Penulis: Tedy Rustandi  •  Jumat, 05 Juni 2026 | 18:26:00 WIB
Tim pengawas Pemkab Sintang siap memantau penggunaan Bahasa Indonesia di seluruh instansi pemerintah daerah.

SINTANGPemkab Sintang segera merealisasikan pembentukan tim pengawas yang fokus pada penggunaan Bahasa Indonesia di seluruh perangkat daerah. Tim ini nantinya akan bertugas memantau dan mengevaluasi penerapan bahasa negara dalam setiap produk hukum, surat menyurat, hingga spanduk dan media informasi publik yang dikeluarkan oleh instansi pemerintah.

Apa Saja yang Akan Diawasi oleh Tim Bahasa?

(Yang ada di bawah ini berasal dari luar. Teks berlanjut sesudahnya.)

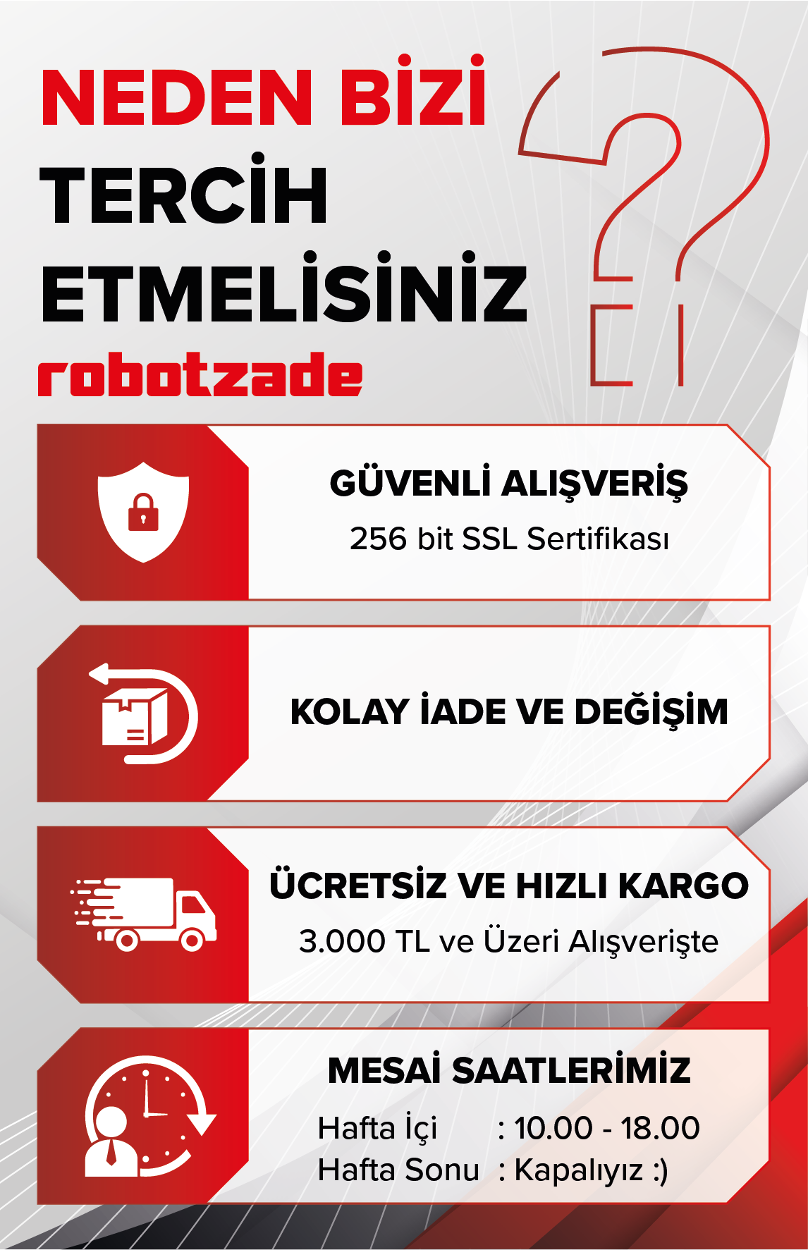 10:00 - 18:00 destek@robotzade.com
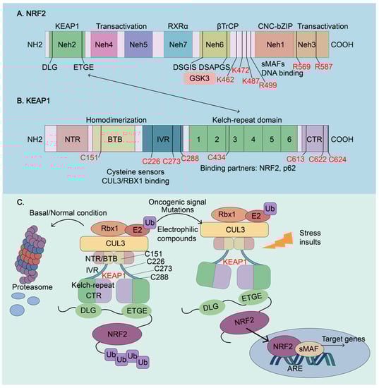 KEAP1 is a redox-regulated adaptor for the Cullin (Cul)3-RING-box protein (Rbx)1 ubiquitin ligase complex [51]. Structurally, KEAP1 contains five domains, an N-terminal domain (NTR), a Broad complex/Tram track/Bric-à-brac (BTB) domain for homodimerization, a central linker intervening region (IVR), a Kelch-repeat domain with 6 Kelch double glycine repeats (DGR), and a C-terminal domain (CTR) (Figure 3B) [52,53]. KEAP1 is one of the best-characterized redox sensors, harboring several sensor cysteines, especially cysteine 151 (C151), C226, C273, C288, C434, C613, and C622/624, which can be oxidized by ROS and other oxidants to sense the oxidative stress [54,55,56,57,58,59]. The H2O2 sensor of KEAP1 is distinct from that used for sensing electrophiles [56]. Under normal conditions, the ETGE and DLG motifs of NRF2 bind to a KEAP1 dimer [47], and the BTB domain of KEAP1 mediates the binding of NRF2/KEAP1 complex to the CUL3 for NRF2 ubiquitination and degradation (Figure 3C). During oxidative stress, electrophiles and oxidants induce alkylation or oxidation of KEAP1 cysteines and subsequently, conformational changes of KEAP1, resulting in the liberation of NRF2 from KEAP1-E3 ligase complex, disruption of ubiquitylation, and degradation of NRF2 allowing NRF2 translocation to the nucleus to activate the expression of antioxidant genes [54]. Therefore, KEAP1 is the central hub for sensing endogenous and environmental oxidative and electrophilic stress. The resulting newly transcribed and translated NRF2 can accumulate in the nucleus and lead to the activation of cytoprotective and metabolic genes that adapt to the hostile oxidative environment [43]. Many NRF2 activators are direct or indirect KEAP1 cysteine modifiers.
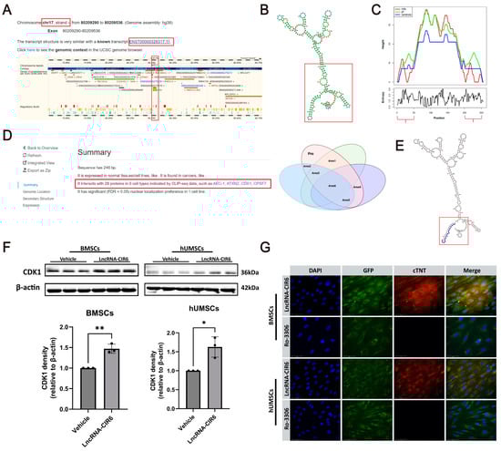 APA StyleCui, X., Dong, H., Luo, S., Zhuang, B., Li, Y., Zhong, C., Ma, Y., & Hong, L. (2024). Long Non-Coding RNA-Cardiac-Inducing RNA 6 Mediates Repair of Infarcted Hearts by Inducing Mesenchymal Stem Cell Differentiation into Cardiogenic Cells through Cyclin-Dependent Kinase 1. International Journal of Molecular Sciences, 25(6), 3466. https://doi.org/10.3390/ijms25063466

Tim pengawas ini tidak hanya menyoroti kesalahan ejaan atau tata bahasa dalam dokumen resmi. Lebih dari itu, tim juga akan memastikan penggunaan diksi yang tepat, istilah asing yang sudah memiliki padanan dalam Bahasa Indonesia, serta konsistensi penggunaan bahasa di seluruh publikasi dan komunikasi kedinasan.

Langkah ini merupakan implementasi dari Peraturan Menteri Dalam Negeri dan Undang-Undang Nomor 24 Tahun 2009 tentang Bendera, Bahasa, dan Lambang Negara, serta Lagu Kebangsaan. Pemkab Sintang berkomitmen untuk menjadi garda terdepan dalam menjaga martabat Bahasa Indonesia di ruang publik pemerintahan.

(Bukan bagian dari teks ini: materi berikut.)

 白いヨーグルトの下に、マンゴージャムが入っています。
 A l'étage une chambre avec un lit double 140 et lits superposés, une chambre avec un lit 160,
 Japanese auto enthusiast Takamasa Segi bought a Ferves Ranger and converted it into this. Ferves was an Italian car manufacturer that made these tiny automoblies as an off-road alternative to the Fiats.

Mengapa Pemkab Sintang Perlu Membentuk Tim Khusus?

Selama ini, masih ditemukan beberapa dokumen dan surat dinas di lingkungan Pemkab Sintang yang belum sepenuhnya sesuai dengan Pedoman Umum Ejaan Bahasa Indonesia (PUEBI). Temuan ini mendorong pemerintah daerah untuk mengambil langkah konkret dengan membentuk tim pengawas yang memiliki otoritas untuk memberikan koreksi dan rekomendasi perbaikan.

Dengan adanya tim ini, diharapkan tidak ada lagi kesalahan administratif yang berkaitan dengan kebahasaan yang dapat mengurangi kredibilitas dokumen resmi negara. Tim pengawas ini juga akan bersinergi dengan Badan Bahasa Kemendikbudristek untuk mendapatkan pembinaan dan standar acuan yang tepat.

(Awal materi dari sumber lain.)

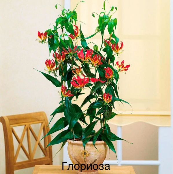 Многолетняя экзотическая цветущая лиана из семейства Лилиейные. В комнатных условиях вырастает до 1,4 м и более. Нежные, изящные стебли нуждаются в опоре. Листья очередные, продолговато-ланцетовидные, оканчиваются неразветвленным нитевидным усиком. Эффектные крупные цветки распускаются в середине лета. Лепестки с волнистыми краями, у основания околоцветника окрашены в зеленый тон постепенно перходящий в желтый, оранжевый и ярко-алый. Глориоза теплолюбивое растение, предпочитает солнечные места с притенением в полуденные часы. В период интенсивного роста ее обильно поливают и опрыскивают листья. После цветения полив постепенно уменьшают, а когда листья засыхают — прекращают полностью. Клубень хранят в горшке при температуре 10-12°C. Весной пересаживают. Размножают клубнями и семенами. Семена высевают в феврале в плошки с почвенным субстратом из листовой земли и торфа. Накрывают стеклом (проветривают раз в день) и поддерживают температуру около 22 -24°C. Цветение наступает через 2-3 года.
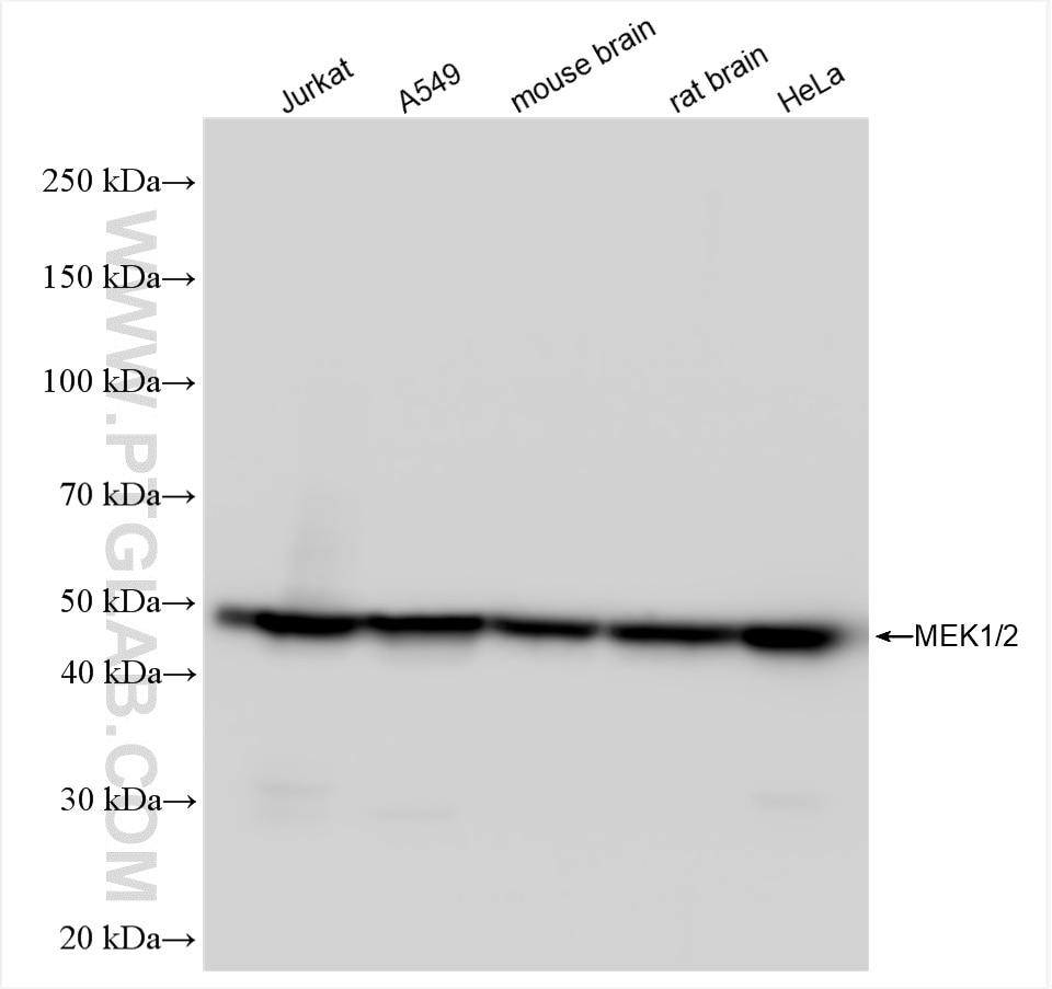 The MEK1/2 antibody from Proteintech is a rabbit recombinant antibody to a recombinant protein of human MEK1/2. This antibody recognizes human, mouse, rat antigen. The MEK1/2 antibody has been validated for the following applications: WB, IF/ICC, FC (Intra), ELISA analysis.
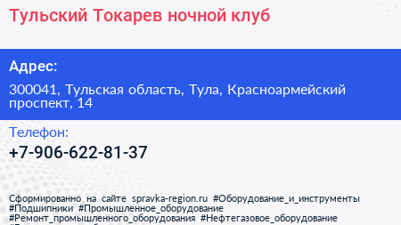 Тульский Токарев, ночной клуб по адресу 300041, Тульская область, Тула, Красноармейский проспект, 14 в дальнейшем Организация, размещена в следующих категориях:

Dampak bagi ASN dan Pelayanan Publik di Sintang

Pembentukan tim ini memberikan konsekuensi langsung bagi Aparatur Sipil Negara (ASN) di lingkup Pemkab Sintang. Setiap pegawai negeri dituntut untuk lebih cermat dalam menulis dan menyusun surat dinas, laporan, serta pengumuman resmi. Jika ditemukan pelanggaran berulang, tim pengawas dapat memberikan rekomendasi pembinaan atau teguran tertulis kepada instansi terkait.

Bagi masyarakat, kebijakan ini berdampak positif pada kualitas pelayanan publik. Informasi yang disampaikan pemerintah, mulai dari pengumuman di papan informasi hingga surat keputusan, akan lebih mudah dipahami dan tidak menimbulkan multi-tafsir akibat kesalahan bahasa. Pemkab Sintang menargetkan tim ini dapat mulai bekerja efektif dalam waktu dekat setelah Surat Keputusan (SK) pembentukan resmi ditandatangani oleh Bupati.

Reporter: Tedy Rustandi
Sumber: pontianakpost.jawapos.com This article was automatically rewritten by AI based on the source above without altering the facts of the original article.